A key:value pair as indicated in Andy's sample spreadsheet in dwc:recordedBy or dwc:identifiedBy would be buried because we don't expect it (many as an array?) to be present. It's unlikely anyone or any machine would take action on these unless a consumer were to write a custom regex.

We do have dwciri:recordedBy and dwciri:identifiedBy, a namespace for non-literal objects in which we CAN put content like https://orcid.org/0000-0002-2119-4663. That allows us to have many collectors per specimen record and subsequently permits something like a JSON-LD representation, eg https://bloodhound-tracker.net/occurrence/477976412.json. AFAIK, no one is doing anything with these dwciri non-literal equivalents, including GBIF.

But...we're slipping into 1:many territory here. Andy desires a single spreadsheet view so as to simplify the task for users and processors of his spreadsheet. I recommend that he stick with the literal strings as is always done in recordedBy, eg "Andy Deans; Daniel H. Janzen". If he desires more to help push along our need for formal, machine-readable recognition thru ORCID IDs (or other), a spreadsheet is not the best place to capture this.

As it happens, I have finally been (quietly) plodding on a DwC-A extension for AgentActions to be used in an IPT. Anne Thessen @diatomsRcool would like to see this task completed as a product of the RDA/TDWG Interest Group. This is nowhere near ready for prime-time. You'll at least see where we're going with: https://github.com/tdwg/attribution/tree/master/dwc. I'm hoping this will be done in time for a demo at the biodiversity_next pre-conference workshop on Authority Management of People Names, WT65 https://biodiversitynext.org/pre-conference/

debpaul · 2019-07-31T21:30:09Z

Thanks @dshorthouse. So, in other words, there's no good place right now inside DwC for Andy to put the ORCID. What do we suggest to him now? I see we need at least: - [ ] capture the literal strings (eg "Andy Deans; Daniel H. Janzen") - [ ] suggestions for Andy for storing the ORCID for each person in his own database, so he can share it when the AgentsActions extension - [ ] what to call the field in the meanwhile (not orchidID) in the spreadsheet Andy shares with students/researchers, etc. (and note that with this "email" reply, I learned that Markdown is not supported via email. Hence, the "would-be" check boxes - haha).
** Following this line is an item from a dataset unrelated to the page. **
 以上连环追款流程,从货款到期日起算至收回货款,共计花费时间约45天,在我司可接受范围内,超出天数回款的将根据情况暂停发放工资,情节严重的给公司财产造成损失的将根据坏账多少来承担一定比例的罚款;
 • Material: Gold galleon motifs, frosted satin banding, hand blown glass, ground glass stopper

MattBlissett · 2019-08-01T07:27:22Z

It doesn't answer your questions, but iNaturalist and GBIF have some discussion on this here: gbif/occurrence#89, and a plan for an interim GBIF-namespace term.
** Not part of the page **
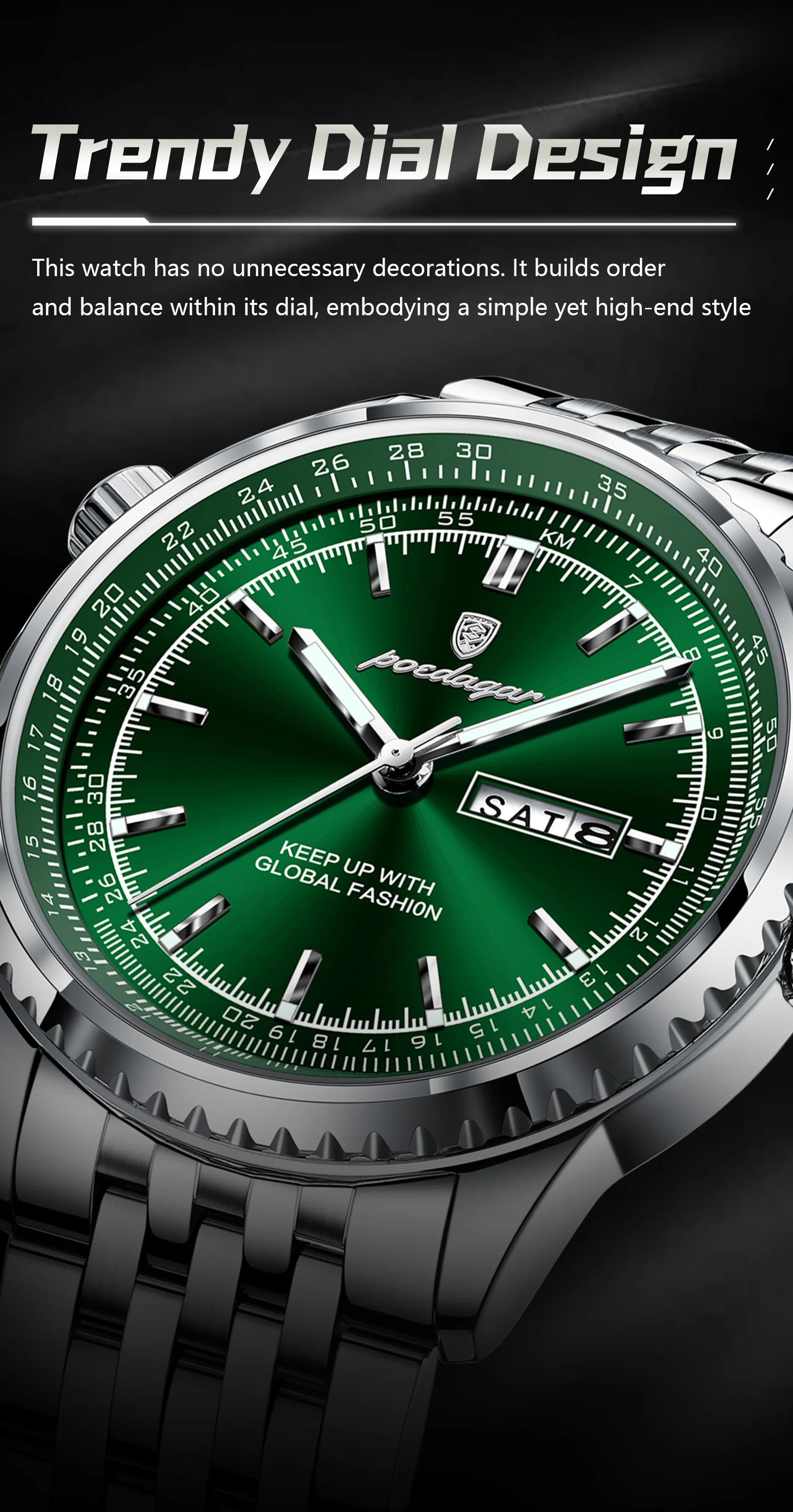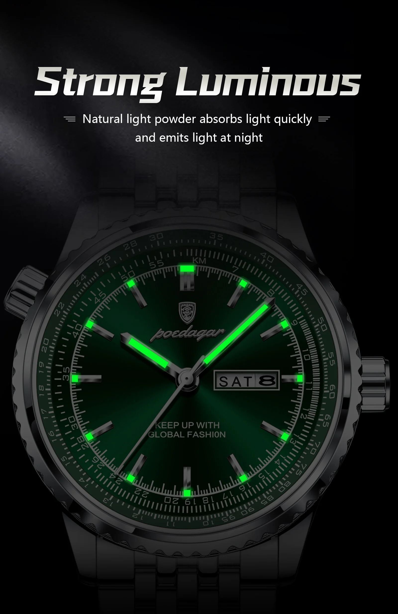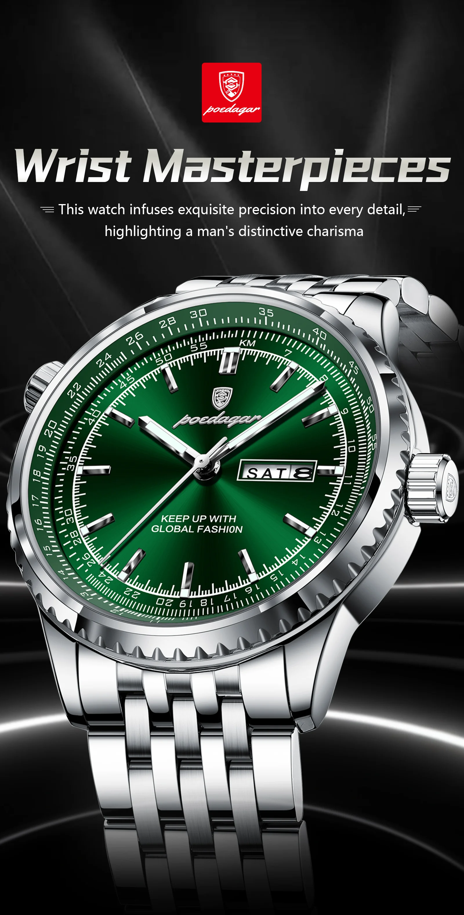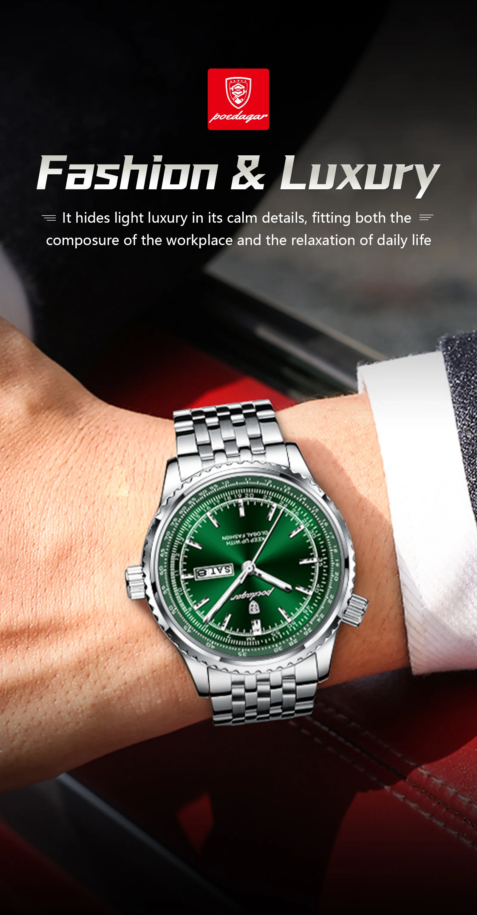 Poedagar Commander Stainless Steel Luminous Quartz Men’s Watch

Today, iNaturalist's exported research-grade observations contain 93 unique ORCIDs across around 74,000 observations.

qgroom · 2019-08-01T10:40:18Z

One of the tasks for the pre-conference workshop on people's names is to scope out the need for a TDWG task group on this subject. The question being, do we need to make changes to the existing standards to better support name information? It seems from this conversation that the answer is yes.

debpaul · 2019-08-01T13:35:45Z

Thanks @MattBlissett @timrobertson100. I'm wondering if we need an "interim" protocol/method for TDWG standards. I get why GBIF came up with an interim solution using GBIF-namespace term (we did similar at iDigBio. But, seems that TDWG could have a protocol for doing just this when needed. (Something to discuss).
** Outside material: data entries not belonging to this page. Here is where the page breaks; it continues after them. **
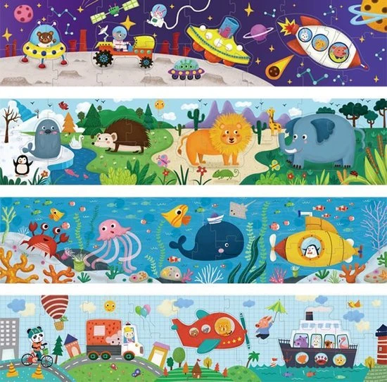 Deze grote vloerpuzzel met als thema Vervoer bestaat uit 30 puzzelstukken, afmeting 94 cm op 21 cm.Leuk en creatief puzzelen voor jong en oud!
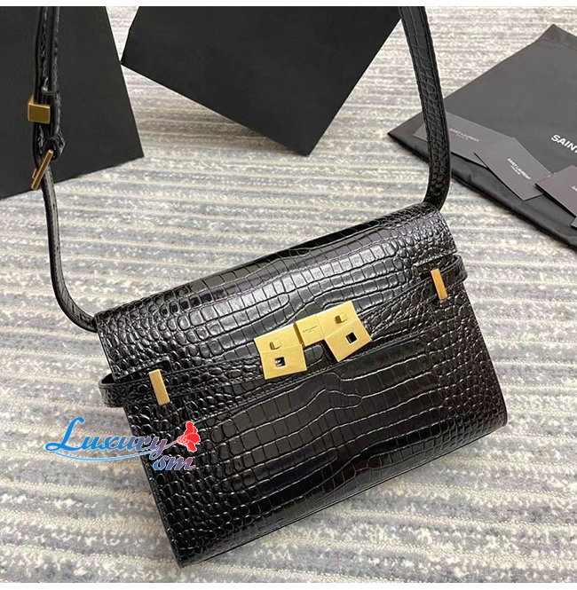 [스페셜오더]SAINT LAURENT-675626 생 로랑 블랙 크로커다일 엠보스드 가죽 MANHATTAN 스몰 숄더백
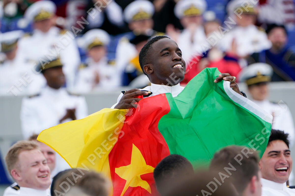 A midshipman from Cameroon is recognized by President Joe Biden during the U.S. Naval Academy's graduation and commissioning ceremony at the Navy-Marine Corps Memorial Stadium in Annapolis, Md., Friday, May 27, 2022. (AP Photo/Manuel Balce Ceneta)
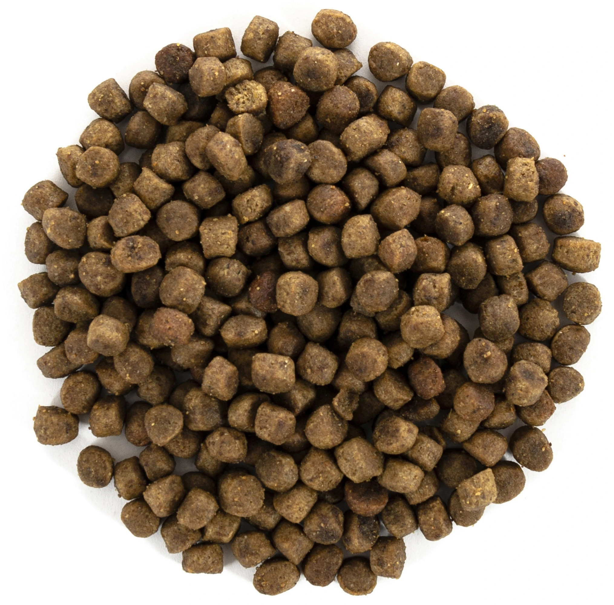 Інгредієнти: свіже куряче м'ясо (26%), жовтий горох (25%), дегідратоване куряче м'ясо (20%), сушені яблука (8%), гарбуз (6%), курячий жир (консервований токоферолами, 4%), лососеве масло (2%), псиліум - м'якоть і насіння (2%), гідролізована куряча печінка (2%), пивні дріжджі (2%), насіння льону (1%), сушений пустирник (0,5%), сушена ромашка (0,5%), мінерали, сушена обліпиха (0,3%), сушена журавлина (0,2%), фруктолігосахариди (0,015 %), маннанолігосахариди (0,015%), юкка Шидигера (0,008%), бактерії Lactobacillus acidophilus HA - 122 інактивовані (15х109 клітин/кг). Добавки: вітамін A 20 000 МЕ, вітамін D3, 800 МЕ, вітамін E 600 мг, вітамін C 300 мг, таурин 2500 мг, L-карнітин 50 мг, холін хлорид 2500 мг, біотин 2 мг, вітамін B1 10 мг, вітамін B2 12 мг, ніацинамід 50 мг, D-пантотенат кальцію 40 мг, вітамін B6 10 мг, фолієва кислота 2 мг, вітамін B12 0,04 мг, цинк 120 мг, залізо 45 мг, марганець 55 мг, йодид калію 4 мг, мідь 10 мг, селен 0,2 мг, L-метіонін 2000 мг.

debpaul · 2019-08-01T13:45:09Z

To @adeans, note the above conversation relevant to your ORCID ID capture in your spreadsheet. Also see gbif/occurrence#89 and gbif/portal16#342 for some insights on ORCID ID data capture and potential use.

dshorthouse · 2019-08-01T13:49:28Z

@MattBlissett I'm surprised that iNaturalist and GBIF have taken this route. While I think incorporation of ORCID IDs in occurrence data is exactly what we want, a branded, DwC look-alike is best avoided (why wasn't this term called "ORCID ID"?!). It may have set a precedent here for Andy Dean's approach and it confuses the DwC standard.

We can perhaps get away with it with iNaturalist => GBIF because the former makes use of OAuth2 & the response from ORCID transparently provides that ORCID ID on the user's behalf. iNaturalist users need not ever know their ORCID ID - it's a horrible string to type. Plus, I'm assuming that there will only ever be one agent in iNaturalist's recordedByOrcid. But, what about that which makes iNaturalist observations "research grade"? - wouldn't it be great if those ORCID IDs for people who confirmed the identification of others' observations also flow to GBIF? Would you then make a 1:many identifiedByOrcid for the 3+ confirmed determinations? This may get messy in a real hurry.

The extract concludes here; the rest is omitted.